> _Task item_:
In the entries that follow, repeat exactly the lines from the one that has "Sabiedrisko attiecību virziena vadītājs" through the one that has "ESTEM PER TU", but omit pictures.

(Data entries)
┄┄┄┄┄┄┄┄┄┄
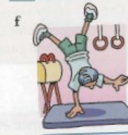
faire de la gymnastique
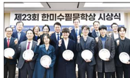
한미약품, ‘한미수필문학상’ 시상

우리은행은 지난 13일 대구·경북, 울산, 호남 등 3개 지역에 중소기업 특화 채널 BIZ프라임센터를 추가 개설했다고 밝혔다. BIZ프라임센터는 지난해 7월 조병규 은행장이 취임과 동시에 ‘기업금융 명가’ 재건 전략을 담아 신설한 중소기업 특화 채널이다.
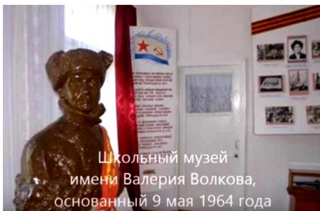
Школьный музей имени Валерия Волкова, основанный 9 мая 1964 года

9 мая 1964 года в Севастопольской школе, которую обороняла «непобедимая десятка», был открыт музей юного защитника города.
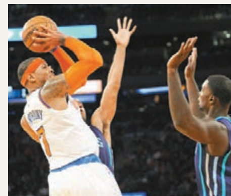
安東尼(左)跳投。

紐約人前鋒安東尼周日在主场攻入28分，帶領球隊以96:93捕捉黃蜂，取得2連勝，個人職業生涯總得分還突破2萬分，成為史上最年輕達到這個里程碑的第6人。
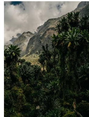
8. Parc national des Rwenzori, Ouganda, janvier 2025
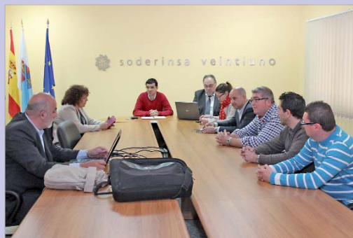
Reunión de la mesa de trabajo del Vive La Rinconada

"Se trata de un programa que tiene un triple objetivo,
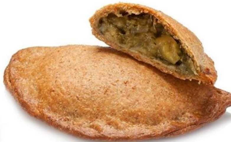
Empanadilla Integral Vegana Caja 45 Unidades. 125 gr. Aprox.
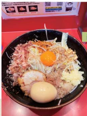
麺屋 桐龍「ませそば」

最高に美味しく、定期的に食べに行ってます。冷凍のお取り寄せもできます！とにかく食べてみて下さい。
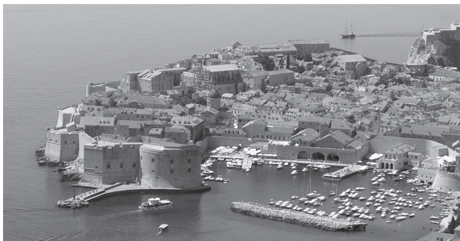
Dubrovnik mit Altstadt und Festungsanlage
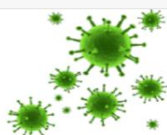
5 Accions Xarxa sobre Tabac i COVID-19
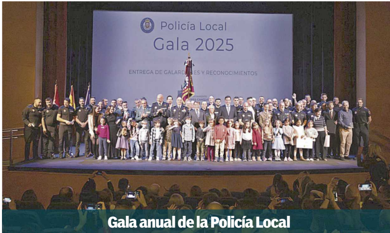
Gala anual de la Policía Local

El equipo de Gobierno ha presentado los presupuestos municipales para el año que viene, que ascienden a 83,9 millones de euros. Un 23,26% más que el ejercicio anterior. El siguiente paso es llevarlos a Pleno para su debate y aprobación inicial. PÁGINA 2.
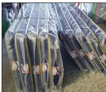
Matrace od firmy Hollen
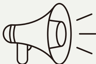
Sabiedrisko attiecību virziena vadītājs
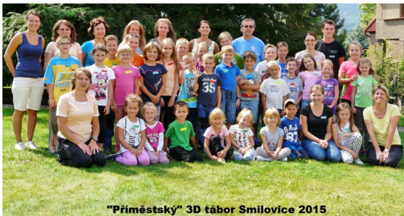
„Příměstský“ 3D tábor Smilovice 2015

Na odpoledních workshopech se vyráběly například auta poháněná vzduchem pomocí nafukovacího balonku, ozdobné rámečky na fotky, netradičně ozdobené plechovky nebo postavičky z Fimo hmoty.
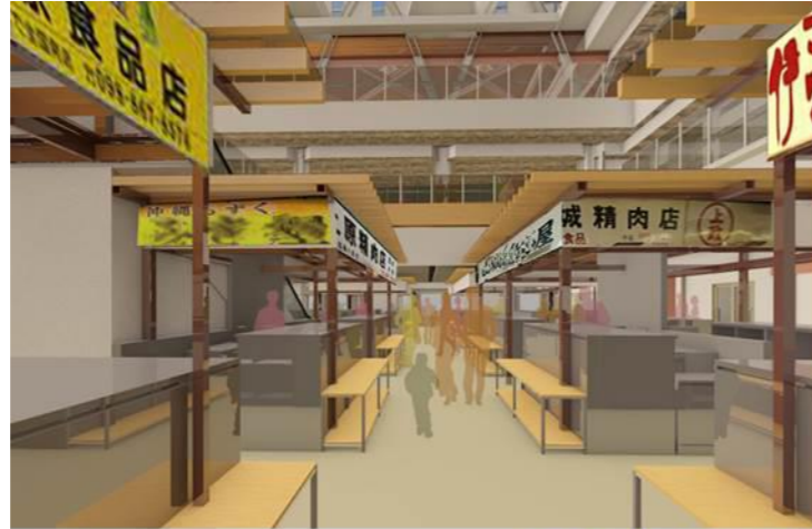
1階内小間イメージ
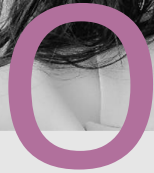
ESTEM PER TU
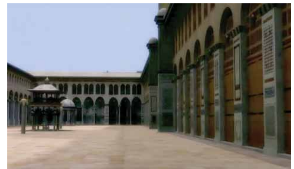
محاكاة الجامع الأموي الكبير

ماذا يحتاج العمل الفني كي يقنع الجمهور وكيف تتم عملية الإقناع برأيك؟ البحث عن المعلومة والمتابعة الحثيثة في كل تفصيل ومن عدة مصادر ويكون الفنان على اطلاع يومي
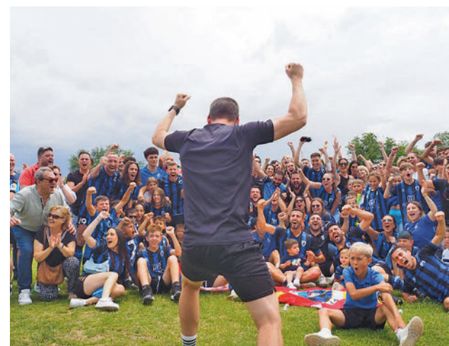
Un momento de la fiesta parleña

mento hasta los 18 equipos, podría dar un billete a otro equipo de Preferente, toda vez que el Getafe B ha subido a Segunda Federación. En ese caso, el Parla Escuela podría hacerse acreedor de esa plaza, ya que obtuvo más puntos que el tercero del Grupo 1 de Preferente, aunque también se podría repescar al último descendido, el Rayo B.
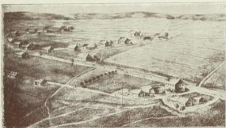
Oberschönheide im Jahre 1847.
┄┄┄┄┄┄┄┄┄┄
> _Exercise answer_:
Sabiedrisko attiecību virziena vadītājs
„Příměstský“ 3D tábor Smilovice 2015

Na odpoledních workshopech se vyráběly například auta poháněná vzduchem pomocí nafukovacího balonku, ozdobné rámečky na fotky, netradičně ozdobené plechovky nebo postavičky z Fimo hmoty.
1階内小間イメージ
ESTEM PER TU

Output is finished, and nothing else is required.